**Exercise details**. Repeat word for word the lines starting at the one with "Bupati Blitar, Hj." and ending at the final line of the material, both ends included; omit pictures.

**Given data**.
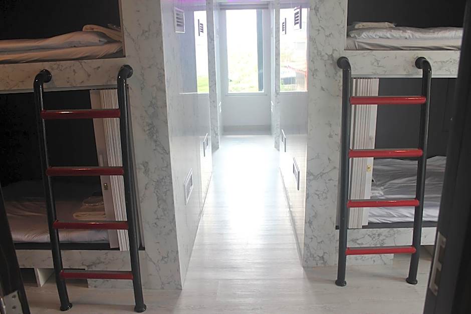 Capsule beds in a hotel-like atmosphere. New, clean, pool, rooftop terrace. Lots of showers and toilets. Big storage for bags/valuables and lockable bed.
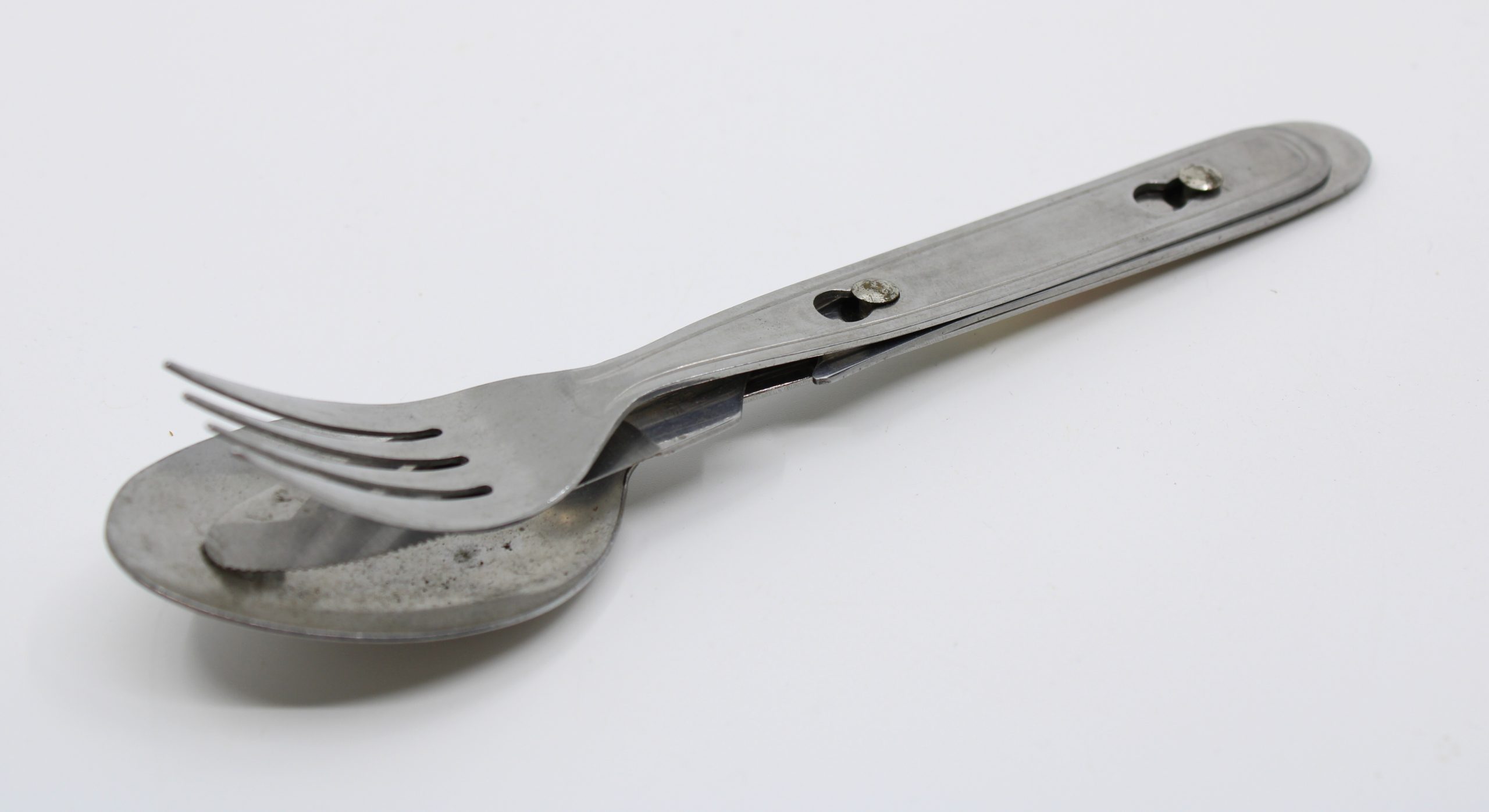 A stainless steel knife, fork, and spoon set designed to interlock by means of slide pins through the handles. The knife includes an integrated bottle
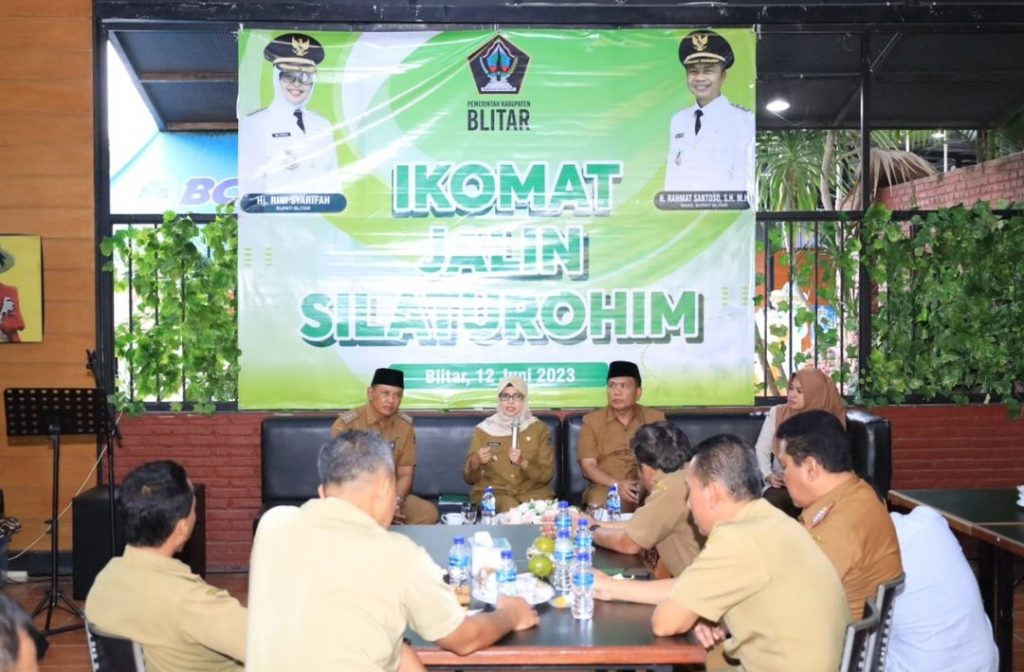 Bupati Blitar, Hj. Rini Syarifah membuka pertemuan rutin Ikatan Komunikasi Camat di Blitar Park. Kegiatan yang diikuti seluruh Camat Se-Kabupaten Blitar ini digelar pada Senin, 12 Juni 2023.
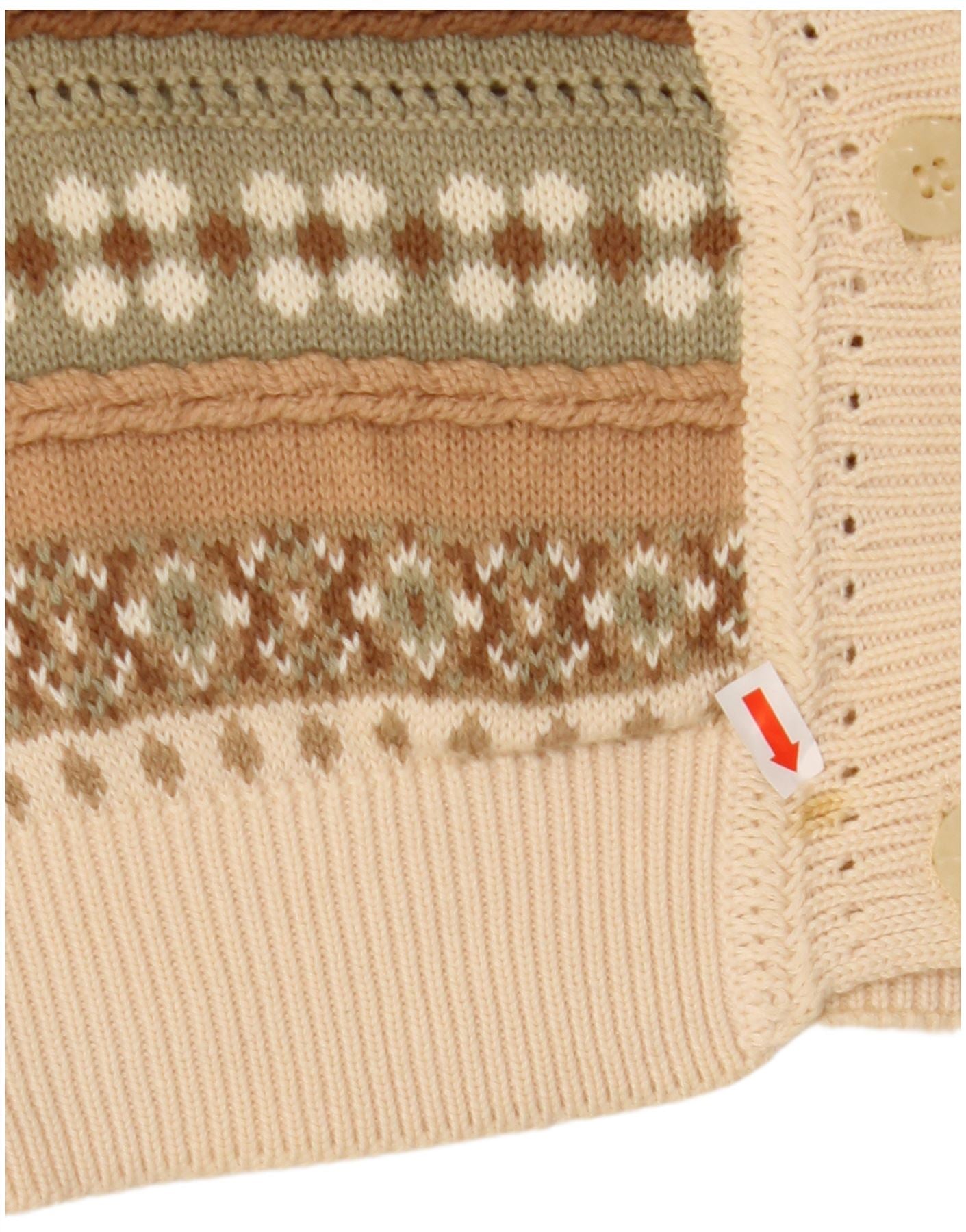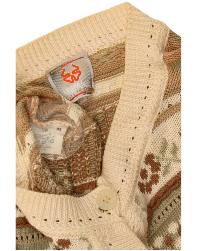 STEFANEL Womens Short Sleeve Cardigan Sweater UK 14 Medium Beige Fair Isle

**Task response**.
 Bupati Blitar, Hj. Rini Syarifah membuka pertemuan rutin Ikatan Komunikasi Camat di Blitar Park. Kegiatan yang diikuti seluruh Camat Se-Kabupaten Blitar ini digelar pada Senin, 12 Juni 2023.
 STEFANEL Womens Short Sleeve Cardigan Sweater UK 14 Medium Beige Fair Isle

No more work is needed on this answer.